* Provided information *
=-=-=

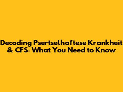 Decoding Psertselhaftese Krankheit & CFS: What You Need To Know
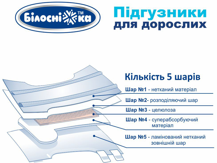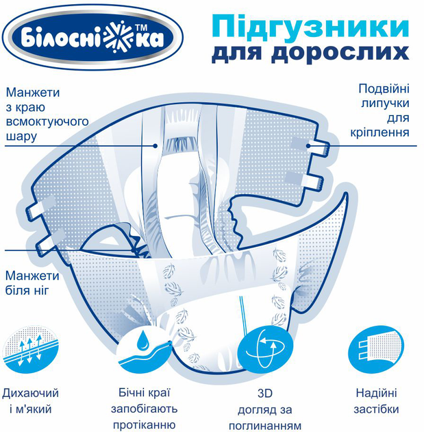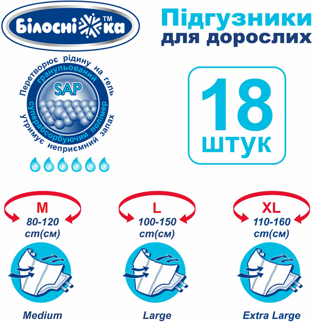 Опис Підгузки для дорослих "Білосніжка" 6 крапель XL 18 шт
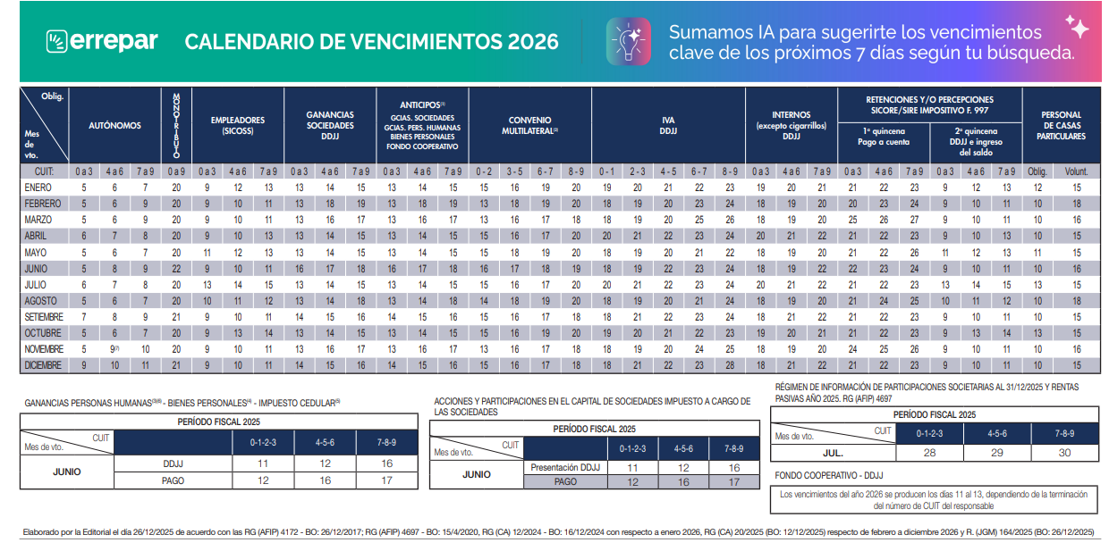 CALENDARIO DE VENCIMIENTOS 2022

=-=-=

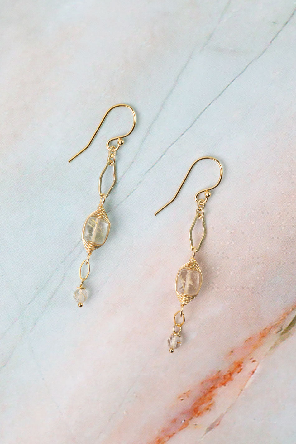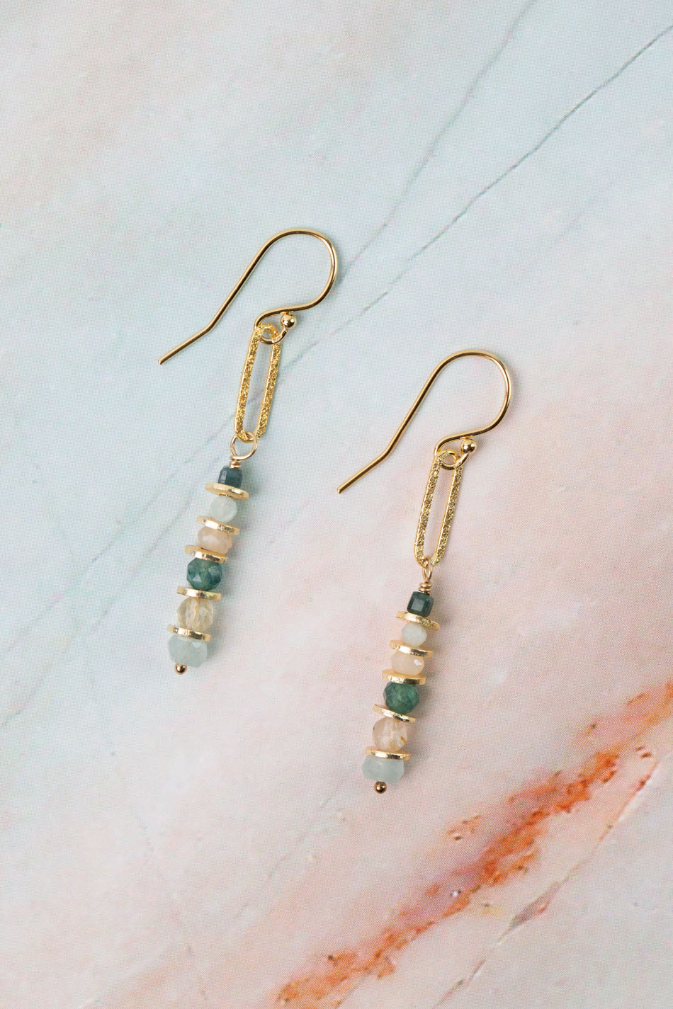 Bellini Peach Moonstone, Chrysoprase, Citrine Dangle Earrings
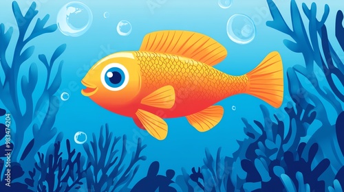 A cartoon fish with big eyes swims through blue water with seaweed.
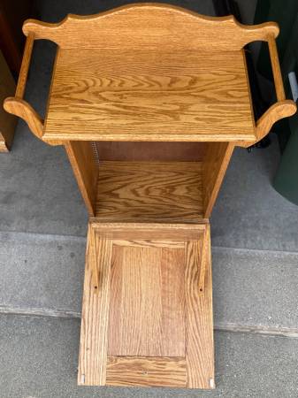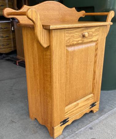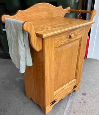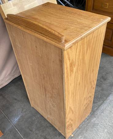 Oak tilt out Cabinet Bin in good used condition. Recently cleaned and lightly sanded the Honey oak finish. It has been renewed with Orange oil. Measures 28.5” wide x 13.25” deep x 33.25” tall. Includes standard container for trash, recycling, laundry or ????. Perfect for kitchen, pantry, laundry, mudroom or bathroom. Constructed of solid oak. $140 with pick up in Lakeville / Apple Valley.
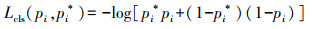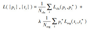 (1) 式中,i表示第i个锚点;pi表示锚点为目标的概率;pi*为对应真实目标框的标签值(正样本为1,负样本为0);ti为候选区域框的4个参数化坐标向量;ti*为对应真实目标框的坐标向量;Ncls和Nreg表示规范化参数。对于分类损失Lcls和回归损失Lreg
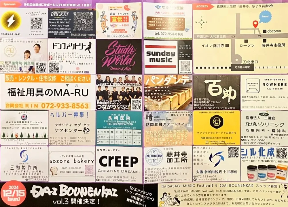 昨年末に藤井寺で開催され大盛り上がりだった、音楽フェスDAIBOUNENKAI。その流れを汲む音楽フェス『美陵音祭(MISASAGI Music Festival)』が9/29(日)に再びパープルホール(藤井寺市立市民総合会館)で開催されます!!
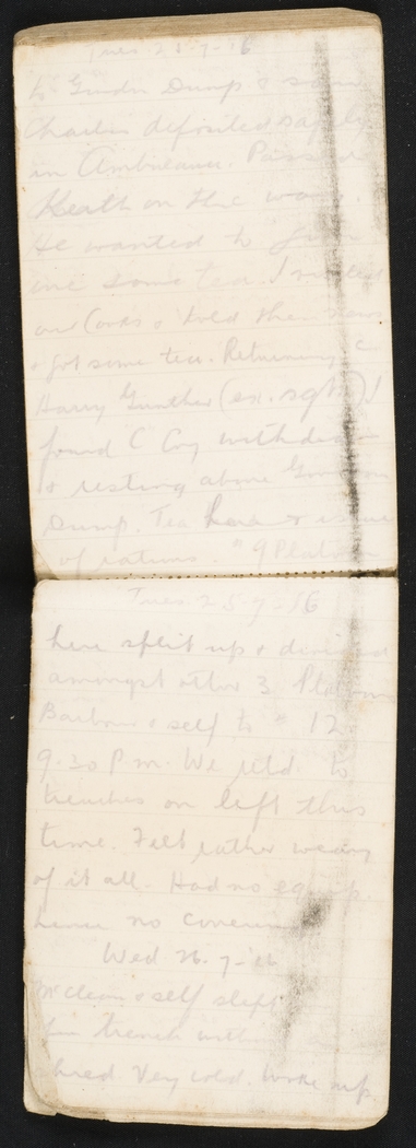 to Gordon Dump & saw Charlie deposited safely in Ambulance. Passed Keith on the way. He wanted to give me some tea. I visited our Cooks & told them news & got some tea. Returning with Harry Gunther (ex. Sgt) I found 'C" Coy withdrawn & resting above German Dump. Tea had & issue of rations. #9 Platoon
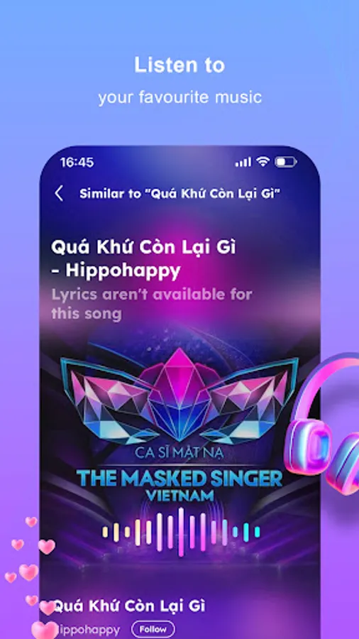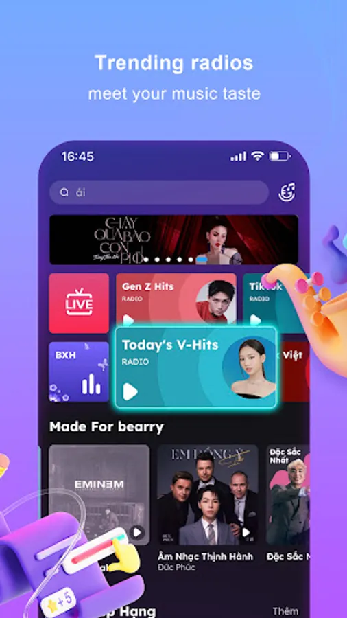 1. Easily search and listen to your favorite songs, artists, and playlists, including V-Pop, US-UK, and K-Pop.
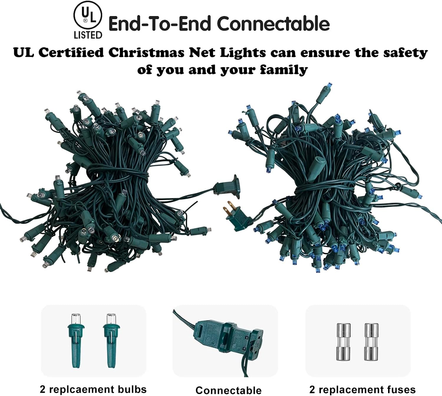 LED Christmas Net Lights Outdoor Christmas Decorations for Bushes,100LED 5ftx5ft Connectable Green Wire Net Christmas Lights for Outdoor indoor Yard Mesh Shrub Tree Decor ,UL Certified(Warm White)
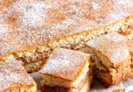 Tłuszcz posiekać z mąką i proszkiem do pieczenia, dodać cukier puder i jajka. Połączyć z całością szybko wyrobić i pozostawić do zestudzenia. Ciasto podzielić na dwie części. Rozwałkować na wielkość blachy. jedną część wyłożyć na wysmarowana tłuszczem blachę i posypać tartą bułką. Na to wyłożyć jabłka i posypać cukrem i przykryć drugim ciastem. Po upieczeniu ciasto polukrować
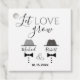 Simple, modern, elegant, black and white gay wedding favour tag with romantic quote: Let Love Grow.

=-=-=

* The task *
Above are records; repeat only the lines from the line with "Tłuszcz posiekać z" through the line with "Simple, modern, elegant, black", and leave pictures out.

* Result of this exercise *
 Tłuszcz posiekać z mąką i proszkiem do pieczenia, dodać cukier puder i jajka. Połączyć z całością szybko wyrobić i pozostawić do zestudzenia. Ciasto podzielić na dwie części. Rozwałkować na wielkość blachy. jedną część wyłożyć na wysmarowana tłuszczem blachę i posypać tartą bułką. Na to wyłożyć jabłka i posypać cukrem i przykryć drugim ciastem. Po upieczeniu ciasto polukrować
 Simple, modern, elegant, black and white gay wedding favour tag with romantic quote: Let Love Grow.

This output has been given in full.